I will illustrate my reasons with reference to the two graphs below, which both show some sort of “speedup” that has been obtained on four benchmark programs, A, B, C, and D. The left graph uses a linear scale on the y-axis, while the right one plots the same data on a logarithmic scale.

There are four reasons why the logarithmic scale is better:

  1. The natural origin for a speedup ratio is 1, not 0. That is, we are primarily interested in seeing whether a data point lies above 1 (which indicates a speedup) or below 1 (which indicates a slowdown). This fits nicely with logarithmic scales, which can’t go down to 0.  In the right-hand graph above, it is immediately obvious that A and B experience a slowdown; this is slightly less obvious in the left-hand graph.
  2. Going from a 1x speedup to a 2x speedup is surely more impressive than going from a 3x speedup to a 4x speedup. But on the linear y-axis in the left-hand graph above, the distance between 1 and 2 is the same as the distance between 3 and 4, so these feats would appear equally impressive.
  3. Often, it is just as good to get a 2x speedup as it is bad to get a 2x slowdown. But on the linear y-axis in the left-hand graph above, the distance from 1 to 0.5 is much smaller than the distance from 1 to 2, so the speedup experienced by benchmark C is emphasised over the slowdown experienced by benchmark B, even though both have the same magnitude.
  4. On a linear scale, the “centre of gravity” to which the eye is drawn lies at the arithmetic mean, while on a logarithmic scale, the centre of gravity is at the geometric mean. When averaging dimensionless ratios, most authors tend to use the geometric mean.

One caveat: the logarithmic scale doesn’t work well if the normalised data can be zero.
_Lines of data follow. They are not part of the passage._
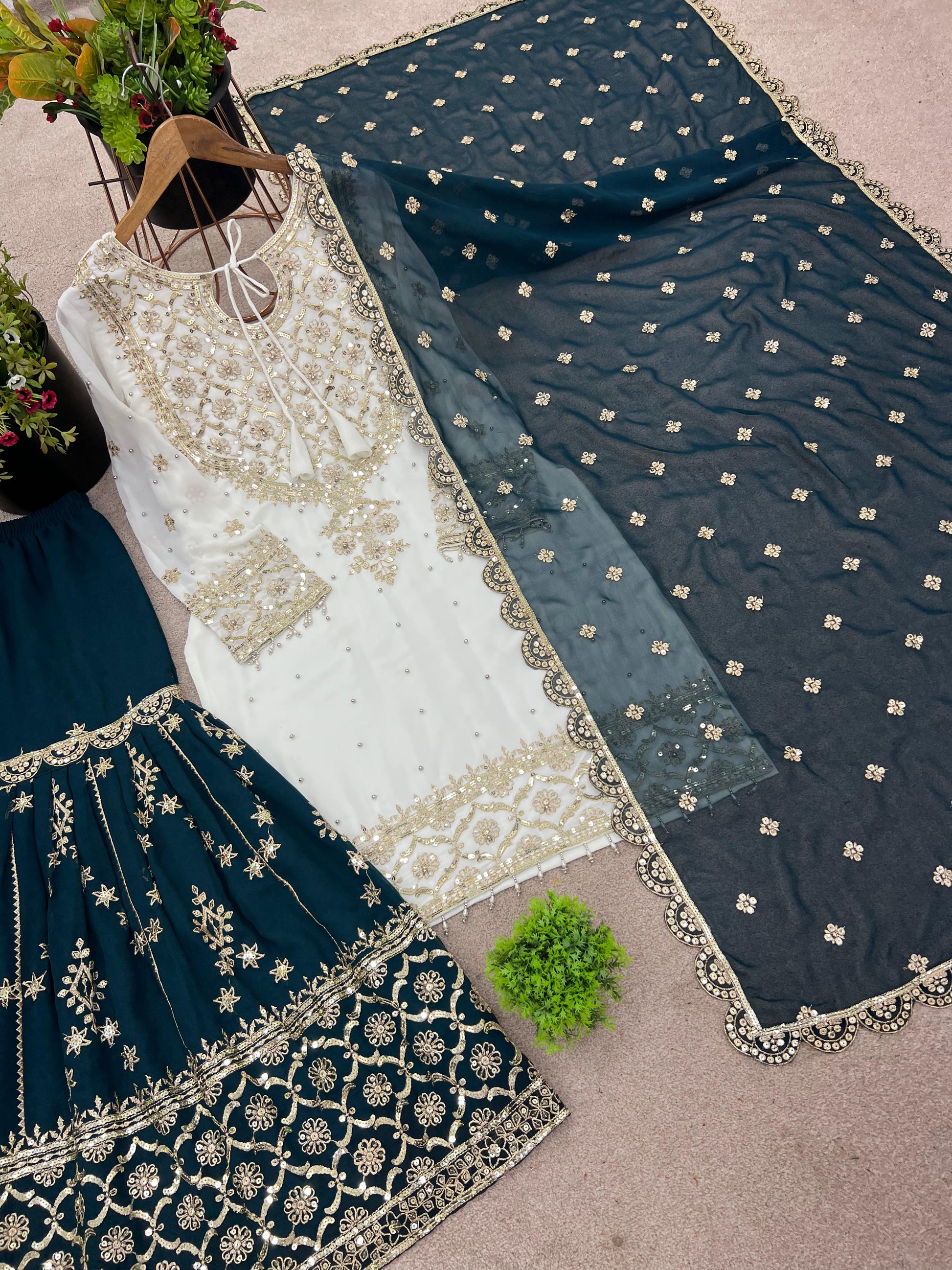 Plazzo Fabrics : Heavy Faux Georgette With 5mm Embroidery Sequence With Fully Flair
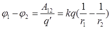 разность потенциалов – работа электростатических сил по перемещению единичного положительного заряда из одной точки в другую.
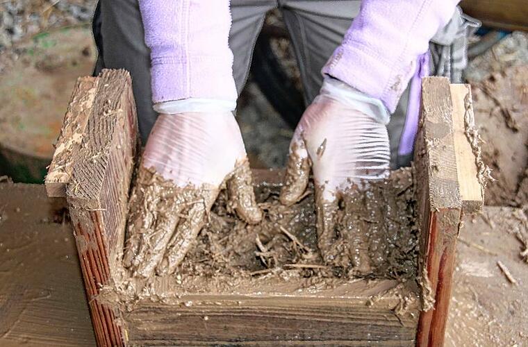 Die Masse ist glitschig – und ganz schön kalt. Martin Schleyer und Jeannette Kähler macht das nichts aus. Sie haben ein Ziel vor Augen: Im Herbst 2022 soll ihr Hofladen stehen. Und dafür formen sie jetzt nach und nach 1300 Steine aus Lehm und Stroh.
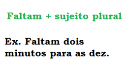 Mas atenção! Na segunda oração (a azul), o verbo faltar surge acompanhado de um verbo no infinitivo (terminar). O infinitivo toma o valor de um nome e por isso o verbo faltar fica na terceira pessoa do singular.
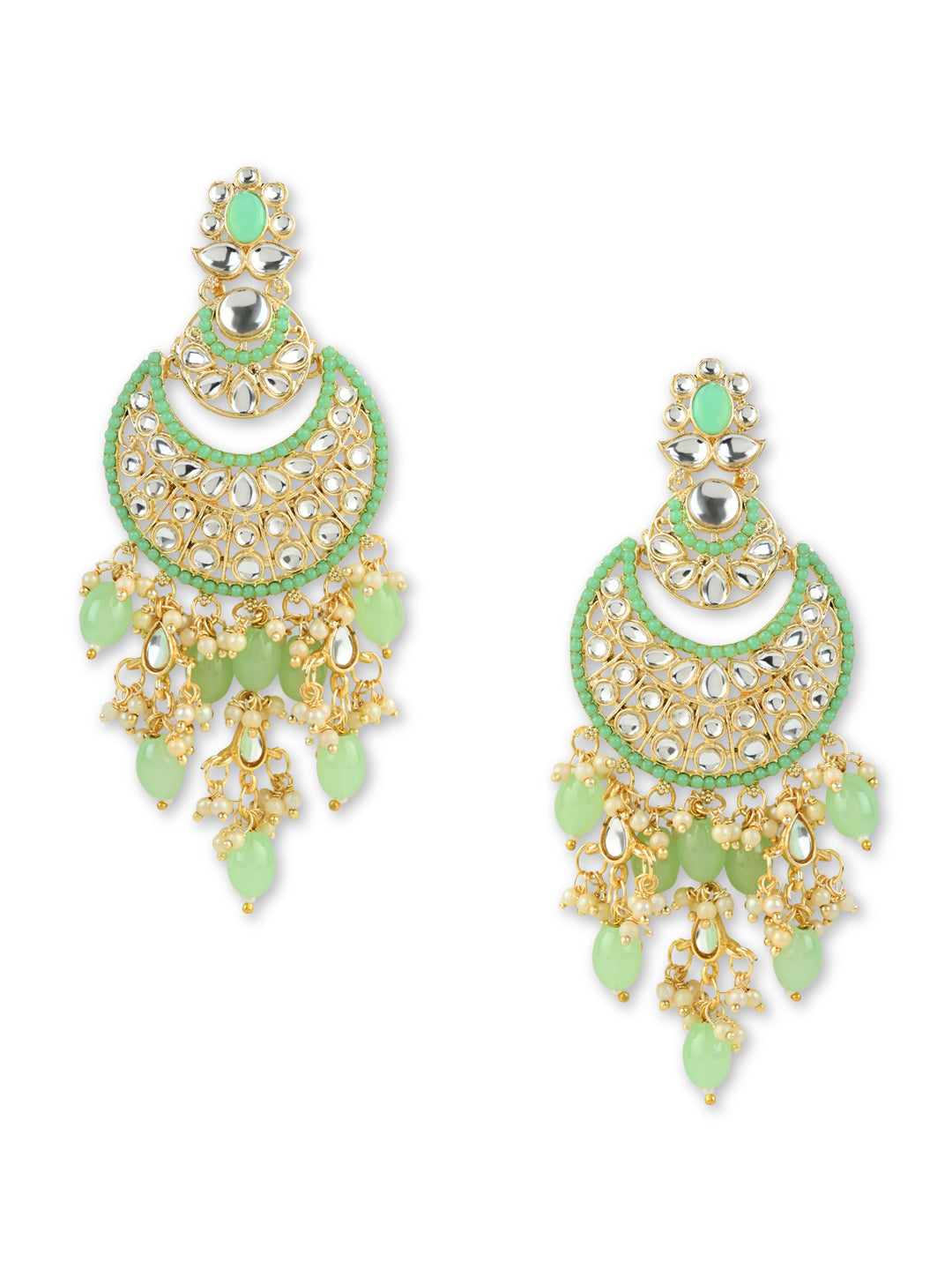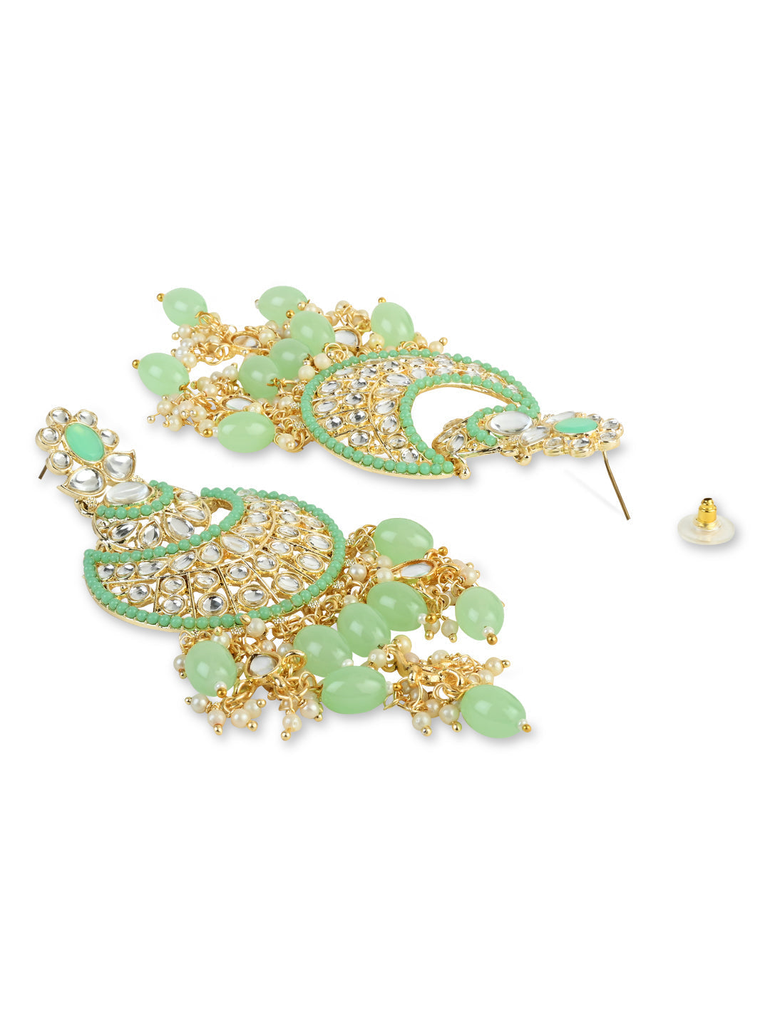 Women's 18K Gold Plated Traditional Handcrafted Pearl Kundan Beaded Chandbali Earrings (E3053Min)

This is quite rare though – I don’t think I saw this in any of the PLDI 2019 papers I scanned through when writing this post.

Here are some examples of graphs from PLDI 2019 that I believe would be improved by using a logarithmic scale on their y-axes.
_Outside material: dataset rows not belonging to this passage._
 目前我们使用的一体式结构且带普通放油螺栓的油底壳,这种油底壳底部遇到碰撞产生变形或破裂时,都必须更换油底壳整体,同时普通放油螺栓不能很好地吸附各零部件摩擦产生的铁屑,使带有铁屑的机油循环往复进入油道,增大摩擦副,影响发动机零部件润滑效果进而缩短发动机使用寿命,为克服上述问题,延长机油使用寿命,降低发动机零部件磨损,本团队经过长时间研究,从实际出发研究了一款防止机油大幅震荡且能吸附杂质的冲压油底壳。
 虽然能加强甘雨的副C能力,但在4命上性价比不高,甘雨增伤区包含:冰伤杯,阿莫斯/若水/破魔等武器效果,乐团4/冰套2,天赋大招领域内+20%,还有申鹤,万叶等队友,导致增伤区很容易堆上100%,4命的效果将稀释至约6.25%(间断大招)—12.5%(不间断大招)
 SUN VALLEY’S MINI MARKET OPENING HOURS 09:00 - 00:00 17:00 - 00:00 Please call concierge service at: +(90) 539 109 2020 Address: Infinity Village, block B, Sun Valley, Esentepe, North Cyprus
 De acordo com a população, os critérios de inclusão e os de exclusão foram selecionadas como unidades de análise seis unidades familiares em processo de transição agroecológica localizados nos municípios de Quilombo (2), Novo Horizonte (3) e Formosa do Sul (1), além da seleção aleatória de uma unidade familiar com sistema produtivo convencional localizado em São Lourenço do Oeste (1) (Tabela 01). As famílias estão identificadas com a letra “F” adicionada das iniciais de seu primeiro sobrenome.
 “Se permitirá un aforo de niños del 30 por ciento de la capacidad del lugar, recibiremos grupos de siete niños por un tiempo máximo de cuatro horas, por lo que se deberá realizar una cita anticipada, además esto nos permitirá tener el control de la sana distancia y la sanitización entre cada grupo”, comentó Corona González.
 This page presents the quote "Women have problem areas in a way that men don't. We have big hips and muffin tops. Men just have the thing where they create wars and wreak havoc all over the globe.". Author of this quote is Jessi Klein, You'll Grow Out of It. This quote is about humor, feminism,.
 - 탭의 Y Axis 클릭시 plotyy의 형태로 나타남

This first graph demonstrates why y=0 is not the best origin – if the bars started at y=1 (and then stretched upward for speedups or downwards for slowdowns) then there would be no need for the thick black line at y=1.
This graph would also be clearer if its bars emanated from y=1. Moreover, this would serve to remove the unnecessary orange bars, which represent the values against which the other bars are normalised.
This example is particularly unusual. It has the nice property of treating speedups and slowdowns symmetrically, but has a disconcerting discontinuity between y=-1 and y=1, and requires the reader to grapple with strange concepts like negative speedup factors! (From reading the surrounding text, I understand that a speedup factor of -2 should be interpreted as a 0.5x speedup, or a 2x slowdown.)
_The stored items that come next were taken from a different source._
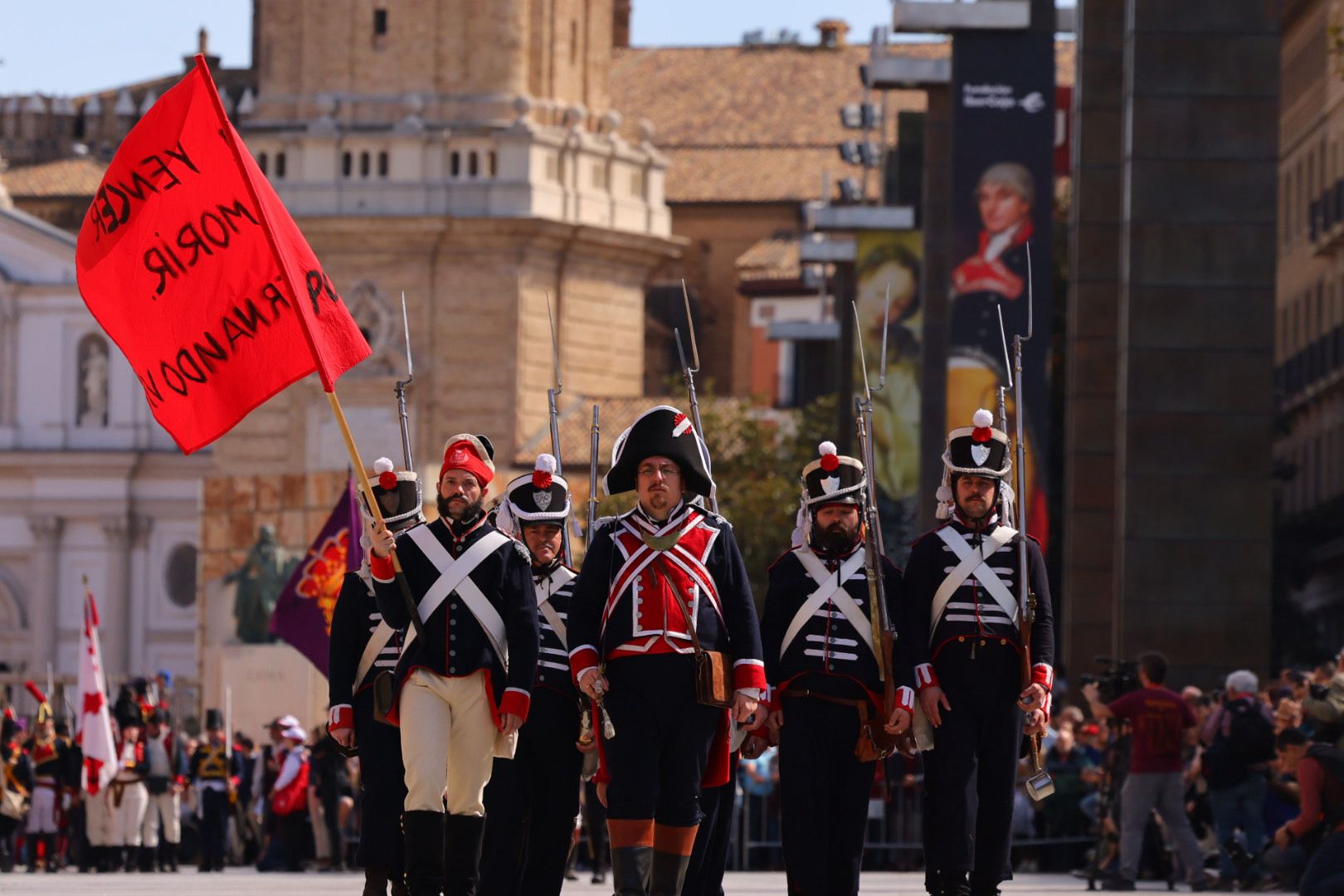 Este sábado 16 de marzo se ha celebrado el desfile, desde las 12,00 horas, por las calles del centro de la ciudad, y seguidamente los grupos participantes han acudido a la plaza del Pilar, donde se han interpretado los himnos, izado de banderas, para finalizar con una descarga de fusilería. Por la tarde, a partir de las 19,00 horas, se iniciará el desfile hacia la batalla, que tendrá lugar a las 19,30 horas con la recreación del primer Sitio en el Coso, entre plaza San Miguel y plaza de España, para prolongarse la batalla por el Coso alto, calle Alfonso y hasta la palza del Pilar.
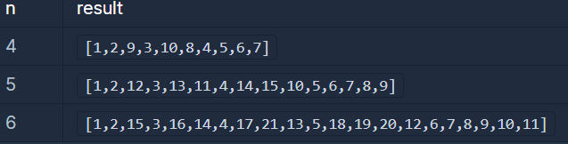 5 [1,2,12,3,13,11,4,14,15,10,5,6,7,8,9] 6 [1,2,15,3,16,14,4,17,21,13,5,18,19,20,12,6,7,8,9,10,11]
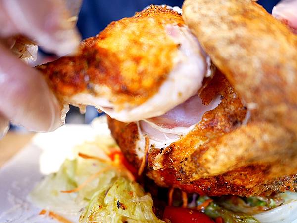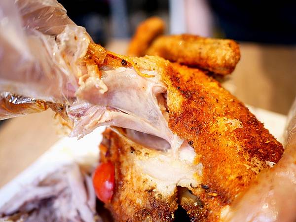 春雞還不小隻,烤到酥脆的春雞光看就覺得相當入味,上頭鋪了一層起司有點像是雪花超美的。先炸後烤的手法把肉汁完整鎖在肉裡,撥開的瞬間肉汁立刻流出來有夠狂,中間還飽含了大量雞汁,很少遇到這麼juicy的烤雞。
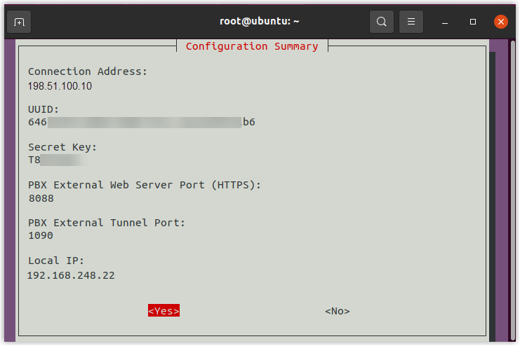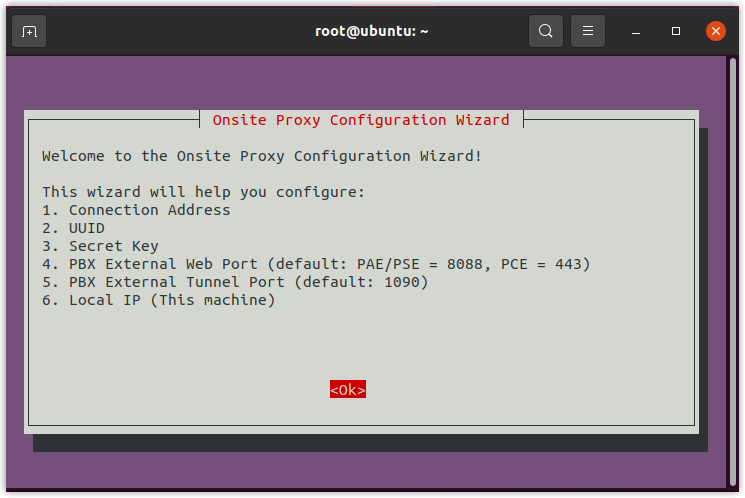 This topic takes Ubuntu operating system as example to introduce how to install Onsite Proxy on a host in the same subnet as the remote IP phones, and connect it to the Yeastar P-Series Software Edition during installation.
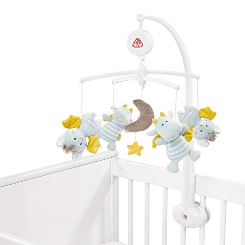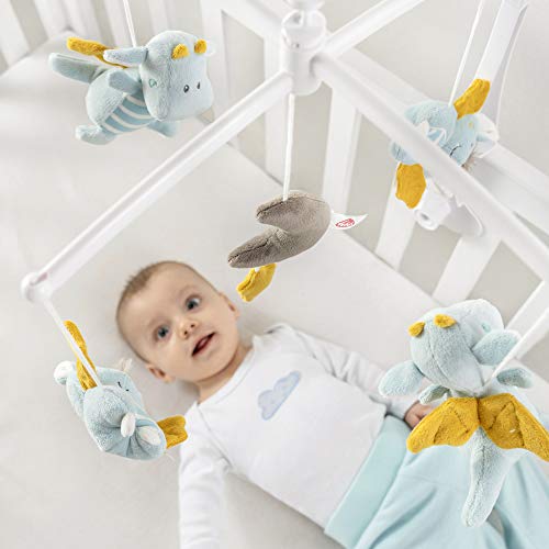 Das Figuren-Mobile bringt Babyaugen zum Leuchten: Die magische Welt des niedlichen Drachen und der frechen Fledermaus in sanftem Blau lädt mit ihrer seichten Melodie „Mozarts Wiegenlied“ zum Lauschen und Staunen ein

In praise of scatter plots

The problem with bar charts is that the x-axis tends to be underemployed. It has the capacity to represent some sort of quantity, but often is used simply to spread out a collection of benchmarks in some arbitrary order. I think that information can often be conveyed more effectively to the reader by using a scatter plot instead.

As an example, here is a classic bar chart, showing the performance of a “new” technique compared to an “old” technique over a range of benchmarks.

The graph is rather straightforward to read: when the green bar is higher, the old technique is faster, and when the red bar is higher, the new technique is faster. This graph provides all the information needed to compare the two techniques. But it is not easy to see “at a glance” which technique is better.

Here is an analogous scatter plot.

I reckon that scatter plots take longer to read than bar charts, but less time to understand. What I mean is: it’s immediately obvious from the bar chart that the height of a bar represents the time taken for that benchmark, but it takes a few moments to work out that in the scatter plot, the points above the diagonal represent benchmarks where the old technique is faster, and those below the diagonal represent benchmarks where the new technique is faster.

However, once this has been established, it becomes straightforward to compare the two techniques. One can immediately make observations like “the new technique seems to win on the shorter-running benchmarks, but to lose on the longer ones”.

It’s worth pointing out that my scatter plot shows less information than my bar chart, because it does not identify the individual benchmarks. Perhaps, if there are not too many benchmarks, it would be possible to label the points individually, or to use a different colour for each point. Of course, this risks overcomplicating things, and we are often more concerned with general trends than with the performance of particular benchmarks. A reasonable compromise might be to colour a handful of the particularly interesting points so that they can be referred to in the surrounding text.

By the way, I have used semi-transparent markers in my scatter plot. I find this quite an attractive way to deal with multiple points being almost or exactly on top of each other. With opaque markers, coincident points could get lost.

Scatter plots can cope with more adventurous situations too. For instance, here is a scatter plot that compares two variants of the “new” technique against the “old” one.

And here’s a scatter plot that conveys the uncertainty surrounding each data point using ellipses. The width of the ellipse corresponds to the uncertainty in the x-value, and the height of the ellipse corresponds to the uncertainty in the y-value. Ellipses that cross the y=x diagonal represent benchmarks where we’re not sure which technique is better.

Here are some examples of graphs from PLDI 2019 that might be better as scatter plots.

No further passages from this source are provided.